§ **Your instructions**:
Reproduce only the lines that begin at the line with "20151127日中午1点,物理协会在泓" and run to the end of the entries; omit every picture.

(Stored entries)
************
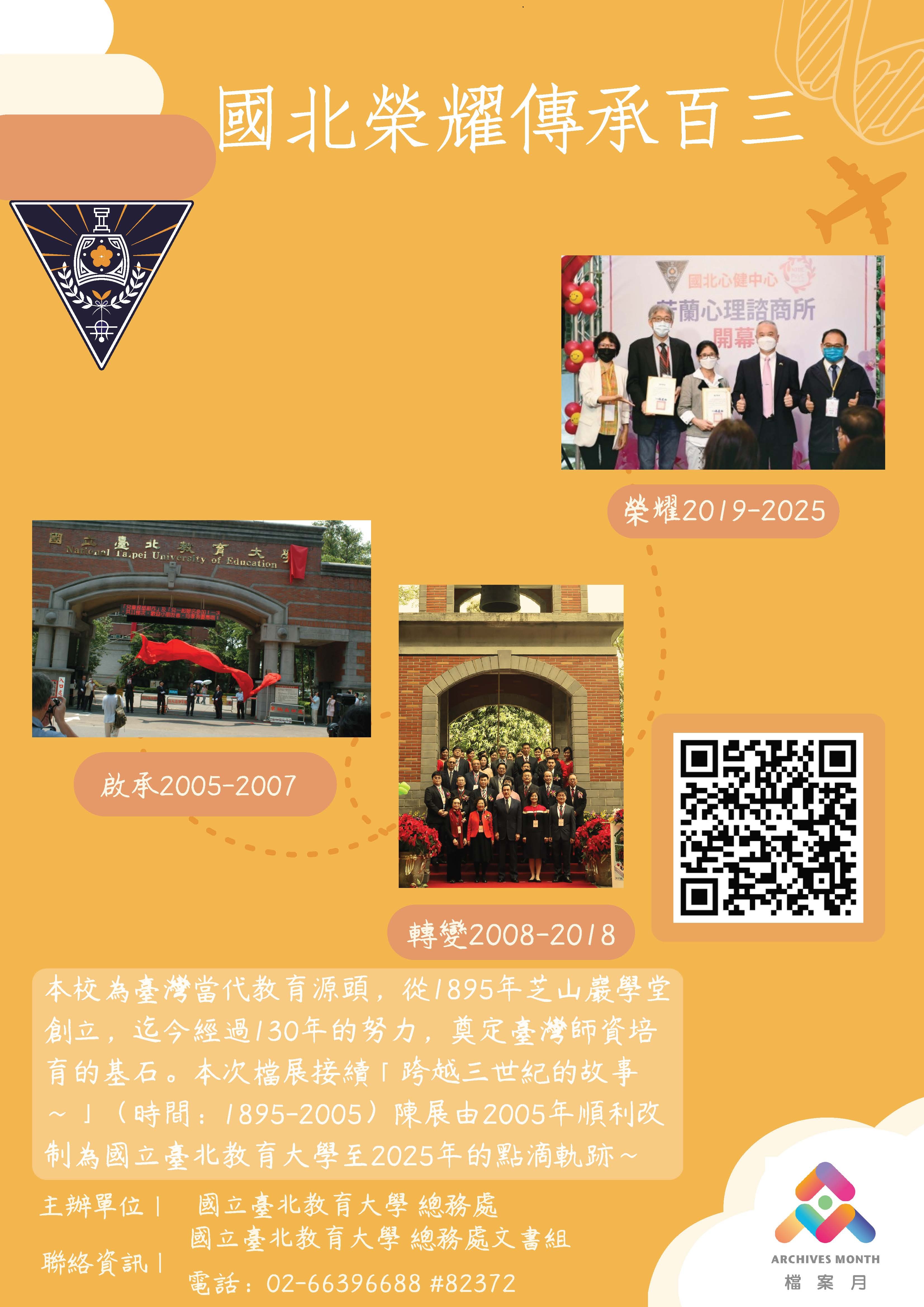 臺北教育大學為慶祝本校130週年校慶,舉辦「國北榮耀傳承百三」線上檔案展,敬請點閱瀏覽。
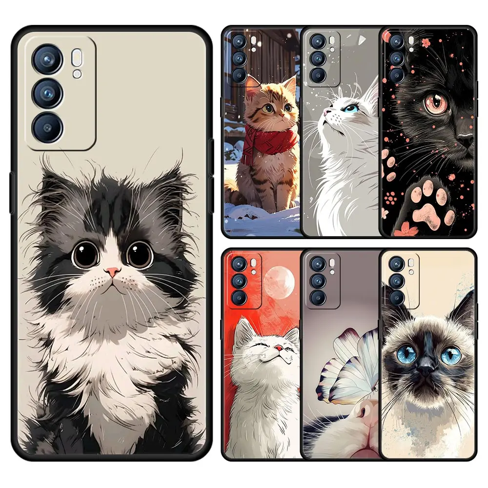 Comprar Funda para Oppo Reno13 Reno12 Reno11 F Reno10 Pro A54 A53 A95 A76 A74 A57 A98 A80 A79 5G A78 4G, funda para la vida diaria de gatos lindos
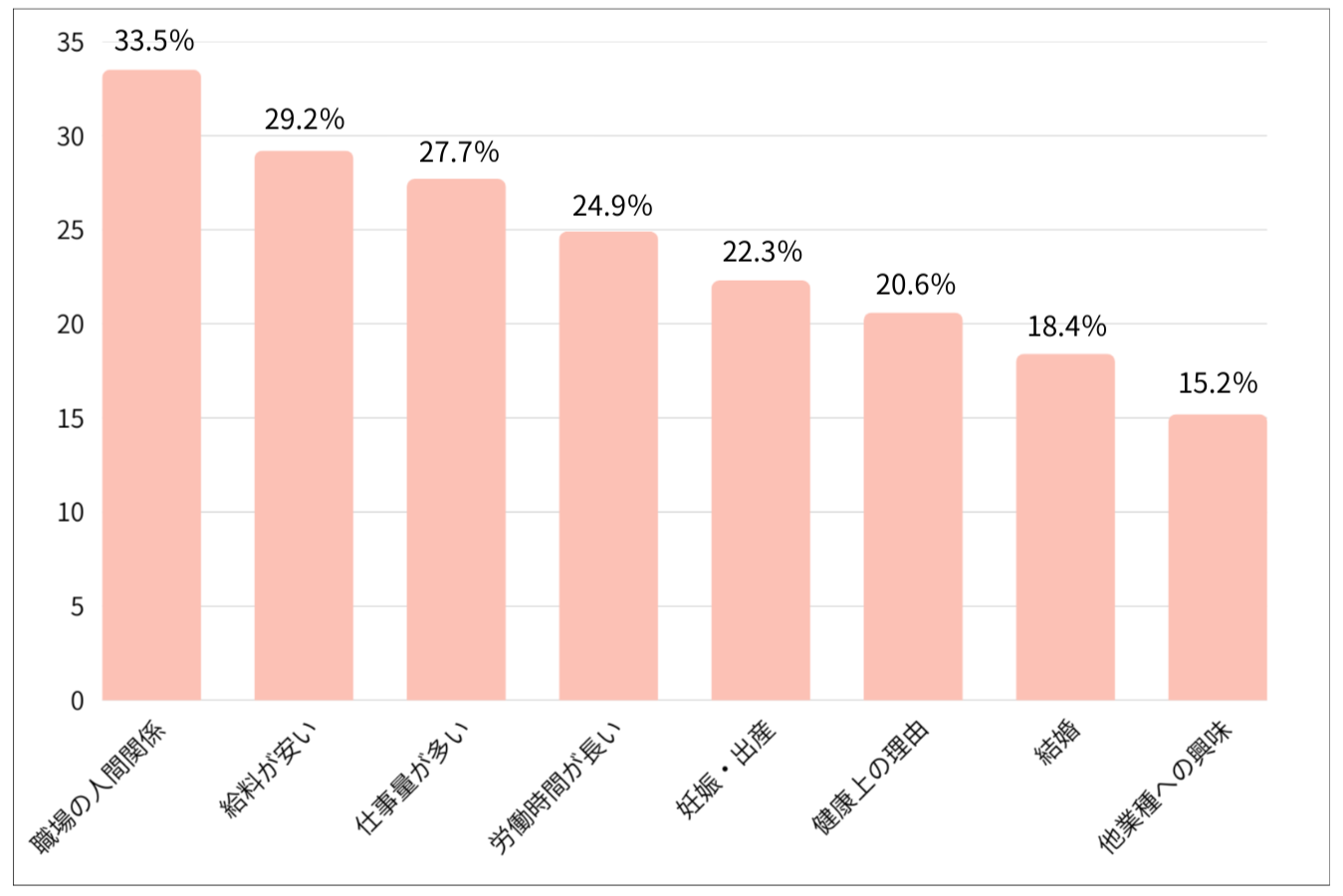 これは、保育士として働いていたものの、実際の職場が肌に合わないと感じる、ライフステージの変化による働き方の希望に合わなくなったなどの理由で、現場を離れる保育士が多いことが分かります。
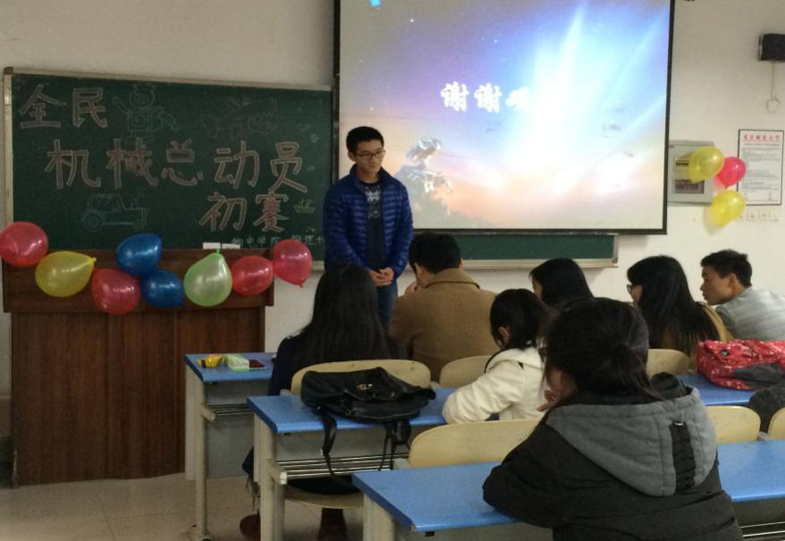 20151127日中午1点,物理协会在泓德楼14102举办了全民机械总动员的初赛。到场的嘉宾有物电学院团总支学生书记任静,物电学院学生会副主席胡小波,时代创业协会会长张洁,无线电协会会长高大华,并担任了本次大赛的评委。
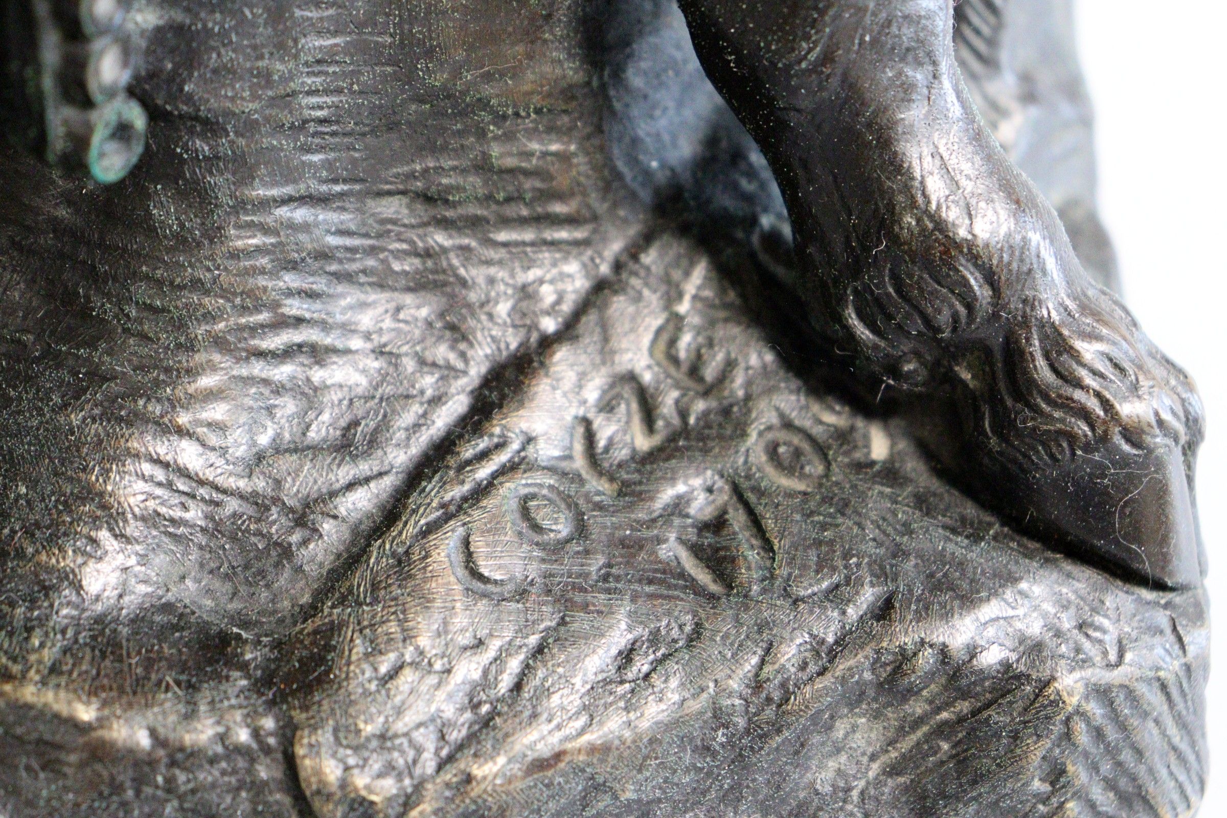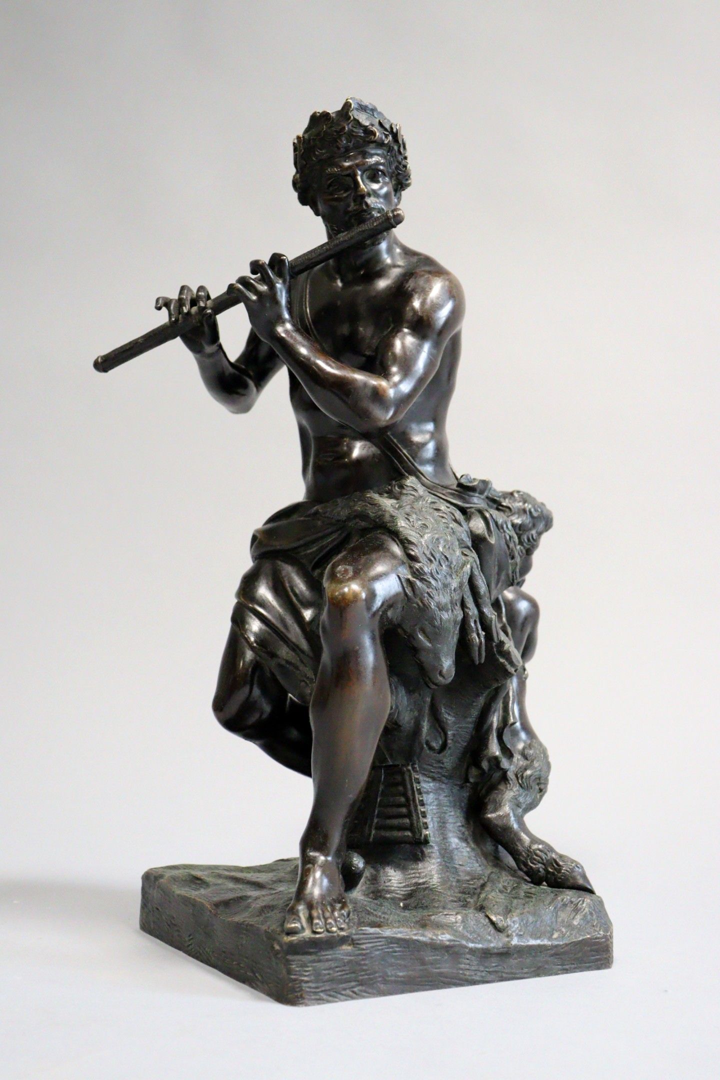 After Charles Antoine COYSEVOX (1640-1720). Pan and satyr. Proof in bronze with brown patina, signed and dated 1709 on the terrace. Height: 45 cm
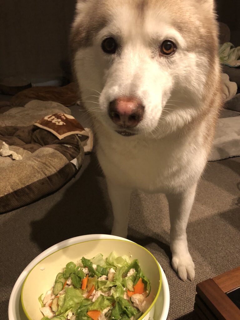 この日のハスキー犬の夕飯は野菜たっぷりヘルシーご飯となりました。
************
§ **Your response**:
 20151127日中午1点,物理协会在泓德楼14102举办了全民机械总动员的初赛。到场的嘉宾有物电学院团总支学生书记任静,物电学院学生会副主席胡小波,时代创业协会会长张洁,无线电协会会长高大华,并担任了本次大赛的评委。
 After Charles Antoine COYSEVOX (1640-1720). Pan and satyr. Proof in bronze with brown patina, signed and dated 1709 on the terrace. Height: 45 cm
 この日のハスキー犬の夕飯は野菜たっぷりヘルシーご飯となりました。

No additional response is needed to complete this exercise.